INPUT DATA -

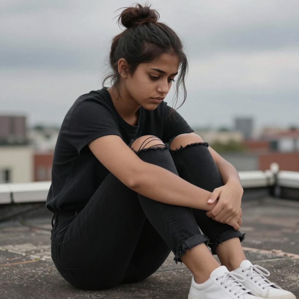 Photograph of a young woman with dark hair in a bun, wearing a black t-shirt and ripped jeans, sitting on a rooftop, looking down,
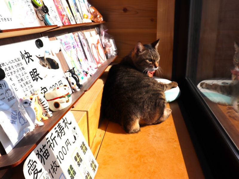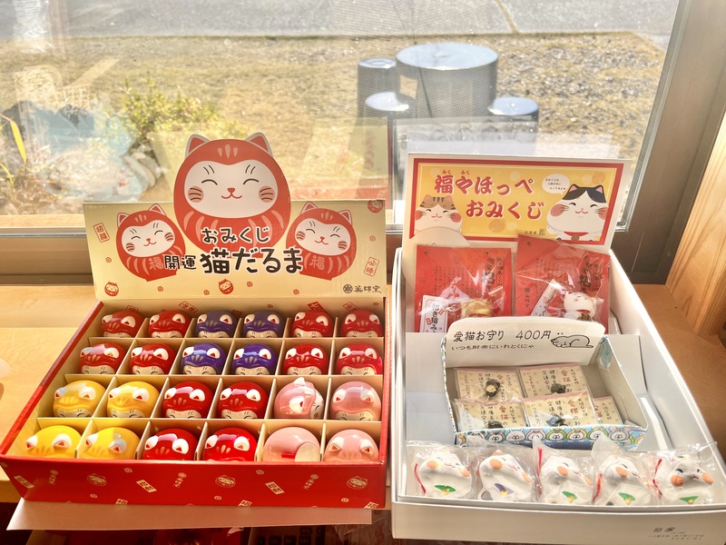 みけやすいかに会える寺務処には、ねこの寺ならではの御朱印やお守り、おみくじが並びます。
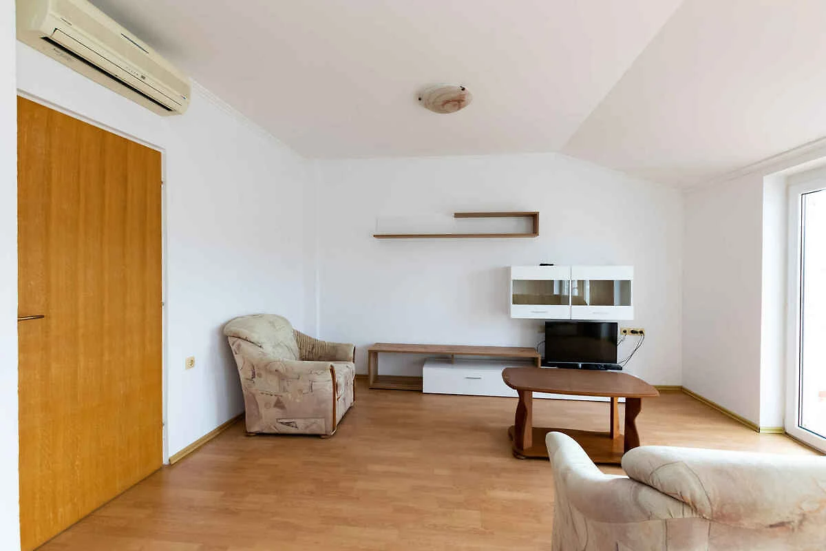 Wohnzimmer mit 2 Zusatzbetten auf Doppelausziehcouch, Sitzecke, TV und Essecke. Schlafzimmer (14 qm) mit 1 Doppelbett. Kochnische im Wohnzimmer mit Gasherd, Backofen, Kühlschrank, Mikrowelle, Kaffeemaschine, Toaster und elektrischem Wasserkocher. Bad mit Dusche und WC.
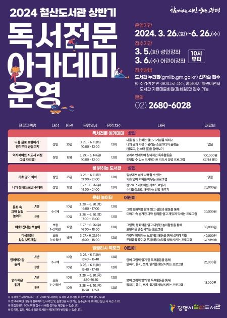 [ 중앙뉴스미디어 ] 광명시 철산도서관은 ‘2024년 상반기 독서전문 아카데미’ 9개 강좌 수강생을 선착순으로 모집한다.
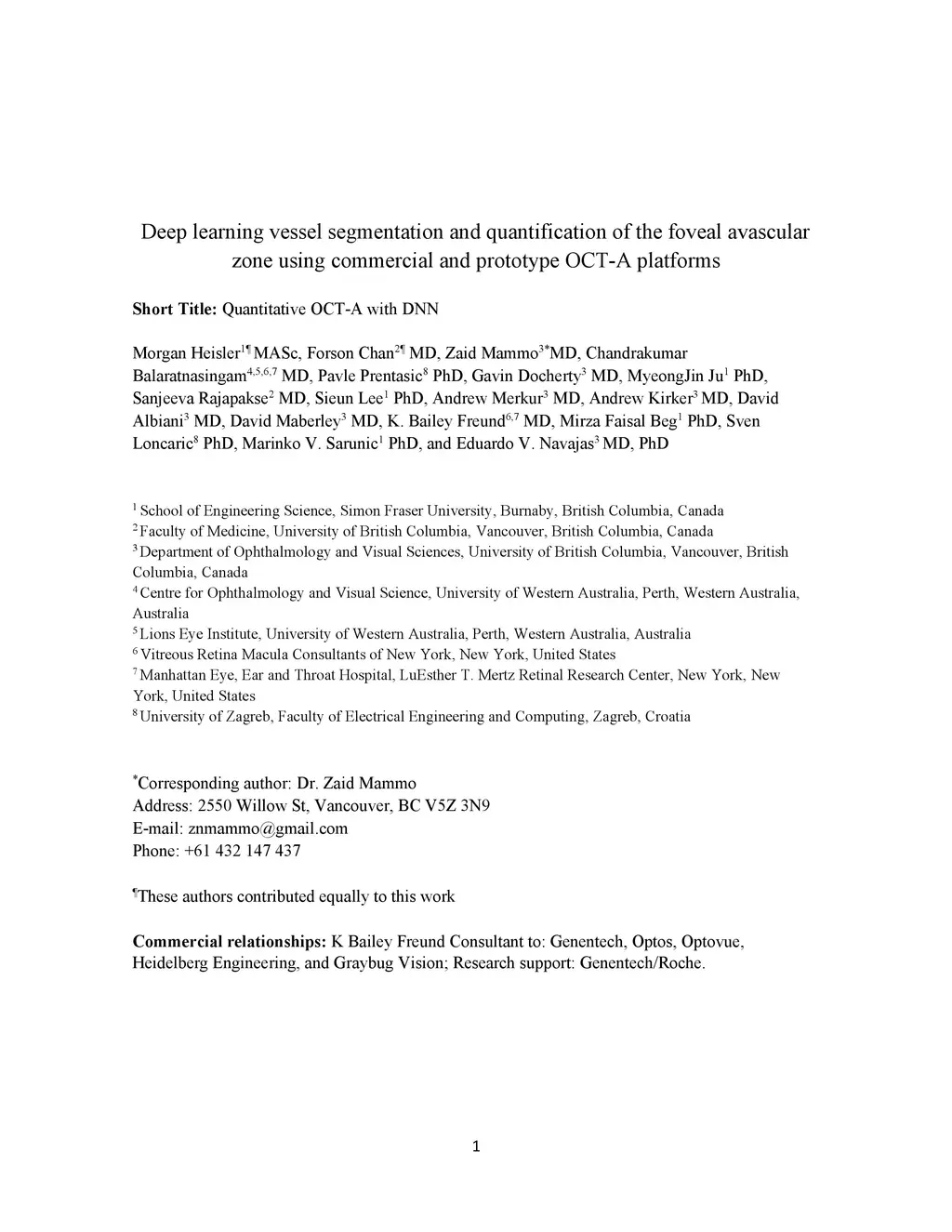 Automatic quantification of perifoveal vessel densities in optical coherence tomography angiography (OCT-A) images face challenges such as variable intra- and inter-image signal to noise ratios, projection artefacts from outer vasculature layers, and motion artefacts. This study demonstrates the utility of deep neural networks for automatic quantification of foveal avascular zone (FAZ) parameters and perifoveal vessel density of OCT-A images in healthy and diabetic eyes. OCT-A images of the foveal region were acquired using three OCT-A systems: a 1060nm Swept Source (SS)-OCT prototype, RTVue XR Avanti (Optovue Inc., Fremont, CA), and the ZEISS Angioplex (Carl Zeiss Meditec, Dublin, CA). Automated segmentation was then performed using a deep neural network. Four FAZ morphometric parameters (area, min/max diameter, and eccentricity) and perifoveal vessel density were used as outcome measures. The accuracy, sensitivity and specificity of the DNN vessel segmentations were comparable across all three device platforms. No significant difference between the means of the measurements from automated and manual segmentations were found for any of the outcome measures on any system. The intraclass correlation coefficient (ICC) was also good (> 0.51) for all measurements. Automated deep learning vessel segmentation of OCT-A may be suitable for both commercial and research purposes for better quantification of the retinal circulation.
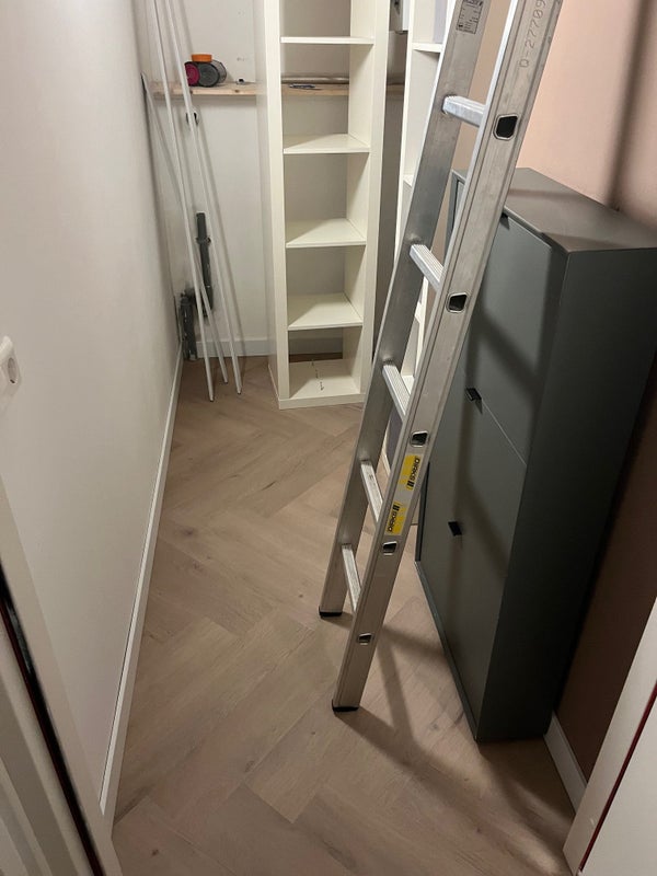 In de technische ruimte vind je de cv-ketel, ventilatie-unit en de aansluiting voor de wasmachine. Vanuit hier bereik je via een ladder de mezzanine van circa 12 m². Deze extra ruimte is ideaal als slaap- of opbergruimte, maar let op: de hoogte is beperkt, waardoor geheel rechtop staan niet mogelijk is.
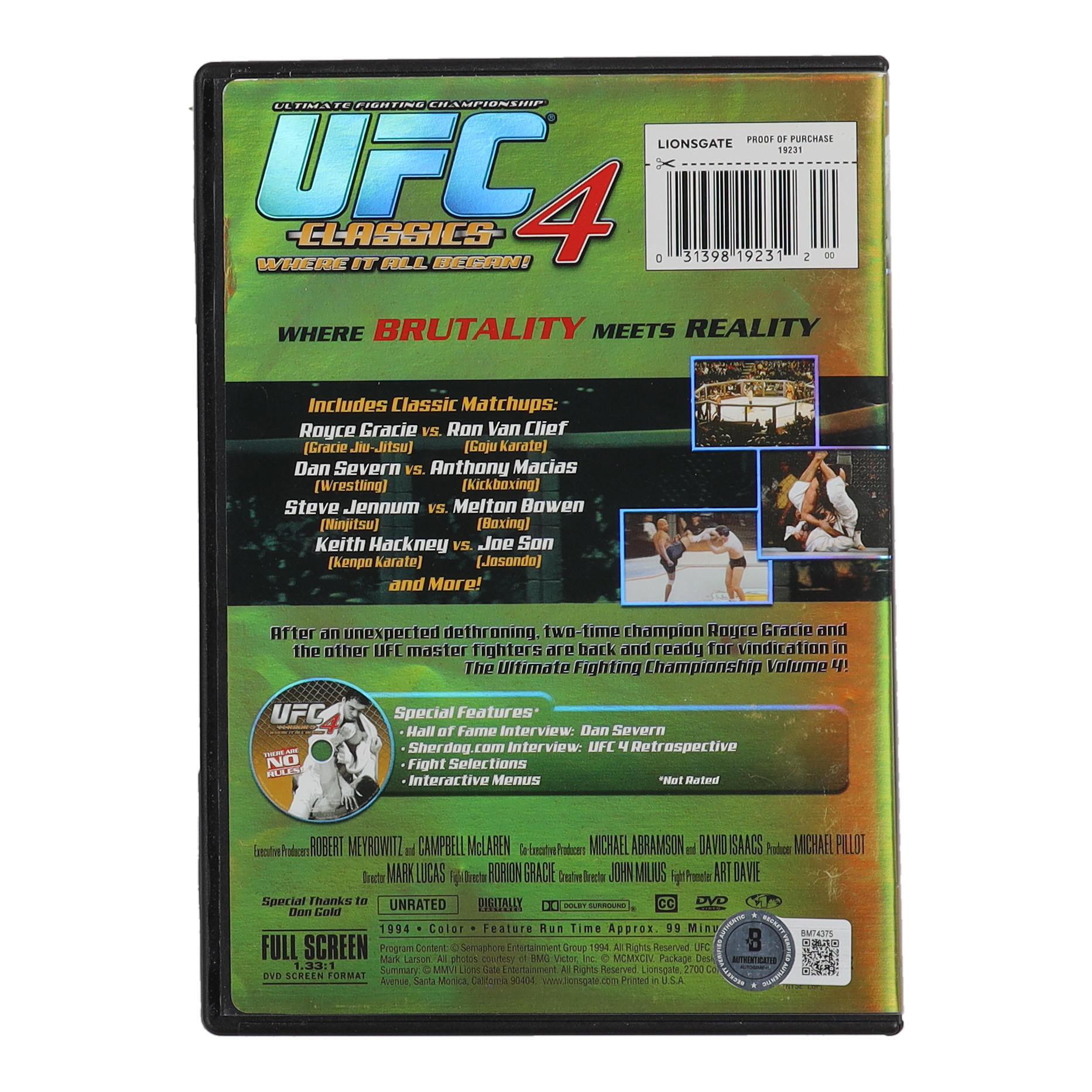 "UFC Classics 4" DVD has been hand-signed on the case by Royce Gracie (HOF).
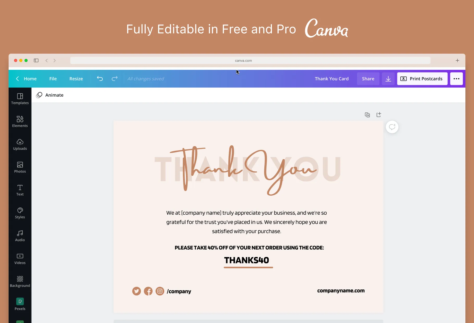 Thank You Cards are the best way to keep your customers coming back for more! Most sellers are too busy running their businesses to take time out for sending thank-you cards after every sale. A small gesture like sending a thank you card can make all the difference in how your customer feels about their purchase, and if they'll return again! This is especially important when selling online or on marketplaces where it's harder to build trust and rapport with buyers. Inserting a Thank you Card is a great way to show that you care about them and their experience with your business. But, designing the perfect card can be hard! This printable template will save you hours of time – just download the template file, import it to your free Canva account, fill in the blanks, add your logo, customize colors, fonts, or text styles without hiring someone else to do it for you! - It's super easy even if you don't have graphic design skills! Encourage repeat sales with this professional-looking thank you card for CANVA. This listing is for the digital files only*** No physical product will be sent.
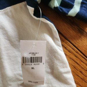 Up for sale is this boys GAP polo. It is blue and white with striped sleeves. A brand new shirt with tags.
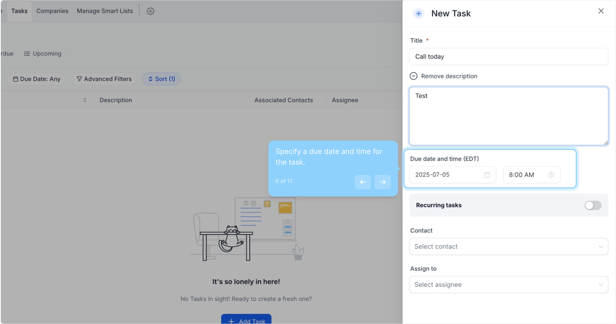 6. Specify a due date and time for the task.
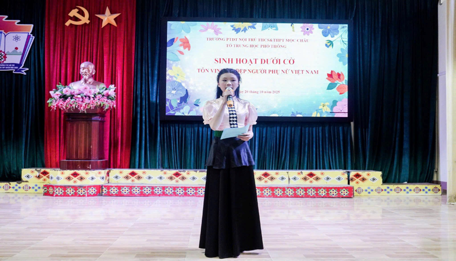 Sinh hoạt dưới cờ – Tôn vinh vẻ đẹp người phụ nữ Việt Nam của Trường PTDTNT THCS và THPT Mộc Châu
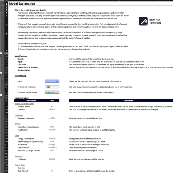 This financial model is specifically designed for individuals who want a straightforward and user-friendly approach to analyze hydrogen projects. It eliminates the need for in-depth financial analysis knowledge and saves you from spending hours deciphering complex background calculations. This is the simplest model available, encompassing all the essential tools and results found in comprehensive financial models.
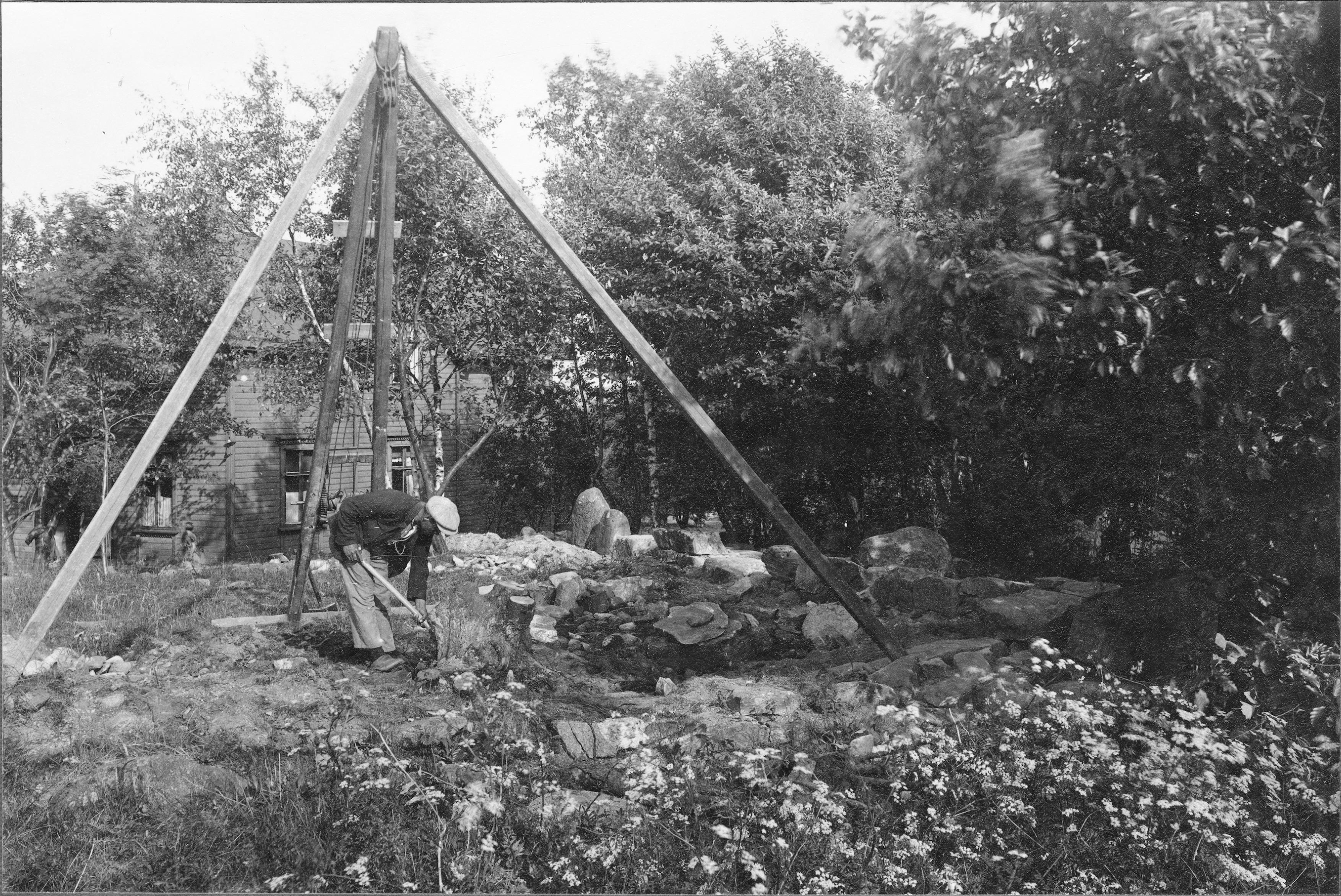 Utgrävning av kyrkplatsen. Södra långväggens innersida, mot korpartiet. Uppdragning av stubbar.

DIRECTIONS - Copy the material exactly as written and leave every picture behind.

EXERCISE RESPONSE -
 Photograph of a young woman with dark hair in a bun, wearing a black t-shirt and ripped jeans, sitting on a rooftop, looking down,
 みけやすいかに会える寺務処には、ねこの寺ならではの御朱印やお守り、おみくじが並びます。
 Wohnzimmer mit 2 Zusatzbetten auf Doppelausziehcouch, Sitzecke, TV und Essecke. Schlafzimmer (14 qm) mit 1 Doppelbett. Kochnische im Wohnzimmer mit Gasherd, Backofen, Kühlschrank, Mikrowelle, Kaffeemaschine, Toaster und elektrischem Wasserkocher. Bad mit Dusche und WC.
 [ 중앙뉴스미디어 ] 광명시 철산도서관은 ‘2024년 상반기 독서전문 아카데미’ 9개 강좌 수강생을 선착순으로 모집한다.
 Automatic quantification of perifoveal vessel densities in optical coherence tomography angiography (OCT-A) images face challenges such as variable intra- and inter-image signal to noise ratios, projection artefacts from outer vasculature layers, and motion artefacts. This study demonstrates the utility of deep neural networks for automatic quantification of foveal avascular zone (FAZ) parameters and perifoveal vessel density of OCT-A images in healthy and diabetic eyes. OCT-A images of the foveal region were acquired using three OCT-A systems: a 1060nm Swept Source (SS)-OCT prototype, RTVue XR Avanti (Optovue Inc., Fremont, CA), and the ZEISS Angioplex (Carl Zeiss Meditec, Dublin, CA). Automated segmentation was then performed using a deep neural network. Four FAZ morphometric parameters (area, min/max diameter, and eccentricity) and perifoveal vessel density were used as outcome measures. The accuracy, sensitivity and specificity of the DNN vessel segmentations were comparable across all three device platforms. No significant difference between the means of the measurements from automated and manual segmentations were found for any of the outcome measures on any system. The intraclass correlation coefficient (ICC) was also good (> 0.51) for all measurements. Automated deep learning vessel segmentation of OCT-A may be suitable for both commercial and research purposes for better quantification of the retinal circulation.
 In de technische ruimte vind je de cv-ketel, ventilatie-unit en de aansluiting voor de wasmachine. Vanuit hier bereik je via een ladder de mezzanine van circa 12 m². Deze extra ruimte is ideaal als slaap- of opbergruimte, maar let op: de hoogte is beperkt, waardoor geheel rechtop staan niet mogelijk is.
 "UFC Classics 4" DVD has been hand-signed on the case by Royce Gracie (HOF).
 Thank You Cards are the best way to keep your customers coming back for more! Most sellers are too busy running their businesses to take time out for sending thank-you cards after every sale. A small gesture like sending a thank you card can make all the difference in how your customer feels about their purchase, and if they'll return again! This is especially important when selling online or on marketplaces where it's harder to build trust and rapport with buyers. Inserting a Thank you Card is a great way to show that you care about them and their experience with your business. But, designing the perfect card can be hard! This printable template will save you hours of time – just download the template file, import it to your free Canva account, fill in the blanks, add your logo, customize colors, fonts, or text styles without hiring someone else to do it for you! - It's super easy even if you don't have graphic design skills! Encourage repeat sales with this professional-looking thank you card for CANVA. This listing is for the digital files only*** No physical product will be sent.
 Up for sale is this boys GAP polo. It is blue and white with striped sleeves. A brand new shirt with tags.
 6. Specify a due date and time for the task.
 Sinh hoạt dưới cờ – Tôn vinh vẻ đẹp người phụ nữ Việt Nam của Trường PTDTNT THCS và THPT Mộc Châu
 This financial model is specifically designed for individuals who want a straightforward and user-friendly approach to analyze hydrogen projects. It eliminates the need for in-depth financial analysis knowledge and saves you from spending hours deciphering complex background calculations. This is the simplest model available, encompassing all the essential tools and results found in comprehensive financial models.
 Utgrävning av kyrkplatsen. Södra långväggens innersida, mot korpartiet. Uppdragning av stubbar.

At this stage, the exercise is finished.